Coping with high-stress system events

David Swayne, CIO at London South Bank University outlines how with visibility of all digital systems he can now be proactive not reactive

An IS professional’s life would be easy (if a trifle dull) if system usage was the same every day. But of course it’s not. Throughout the year, universities and other HE institutions experience a series of ‘spikes’ of demand on their systems, madcap days when usage goes through the roof and the systems’ processing, network and storage capabilities are tested to the limit.

These include Clearing in August, especially the organised mayhem of the first day; enrolment day and the first day of term, when every student suddenly wants to look up their timetable, and results day, when everyone is anxious to see how they’ve done.

These are days of high profile as well as high demand. And with Clearing accounting for up to a third of admissions to some institutions, a major outage at peak time could mean either failing to fill all the places resulting in a significant shortfall in revenue, or awarding too many places and being fined for exceeding the government cap.

On our first day of Clearing, for example, we can receive 1,200 phone calls – a whole month’s worth – so we build a 50-seat call centre in one of our computer labs specifically for the event.

On days like this when demands are highest, what we need most is visibility. We need to see how the systems and their components are performing, so we can pre-empt any issues with proactive management rather than reacting to them once they’ve occurred.

We had experienced a few issues with clearing in previous years which impacted upon the service we were able to deliver to prospective students. So in 2013, we set up a pilot of netEvidence’s Highlight service in early August, a few weeks before A-level results day.

The real surprise was that it only took a few hours to set up Highlight – we could then see clearly how the various servers and network devices were coping such as cpu and memory usage, disk space, website traffic, network data volumes and user response times.

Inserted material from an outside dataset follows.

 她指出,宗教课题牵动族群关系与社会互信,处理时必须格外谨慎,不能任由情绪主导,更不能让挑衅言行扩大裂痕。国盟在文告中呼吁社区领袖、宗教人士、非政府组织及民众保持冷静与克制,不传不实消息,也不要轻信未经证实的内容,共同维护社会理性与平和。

Then on the first day of Clearing, I could see by early afternoon that disk usage was up to 95 or 96%. We could potentially have run out, so I was able to be proactive and allocate more resources to prevent this. As a result the system kept running at full capacity.

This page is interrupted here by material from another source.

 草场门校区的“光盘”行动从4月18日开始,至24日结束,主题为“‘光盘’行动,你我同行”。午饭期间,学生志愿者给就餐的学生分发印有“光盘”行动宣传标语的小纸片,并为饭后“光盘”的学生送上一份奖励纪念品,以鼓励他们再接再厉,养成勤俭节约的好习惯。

With Highlight, we now have an end-to-end view of entire transactions, giving a joined-up picture of what real users are experiencing, combined with detailed information on individual system components and their actual or potential impact on the performance of the whole system. At times of peak demand such as Clearing or enrolment we now monitor Highlight particularly closely.

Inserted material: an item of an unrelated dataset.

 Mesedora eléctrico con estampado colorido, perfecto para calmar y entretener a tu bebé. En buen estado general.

The IS team aren’t the only ones who use Highlight to monitor our systems’ health. Our senior management team also want to be assured that all is well. They can look at Highlight’s colour coded Service Tiles to get a top-level view and make sure there are no issues with their specific digital service, while we concentrate on the detail.

When systems (and people) are stressed, hard facts are very welcome, to the IS team and management alike.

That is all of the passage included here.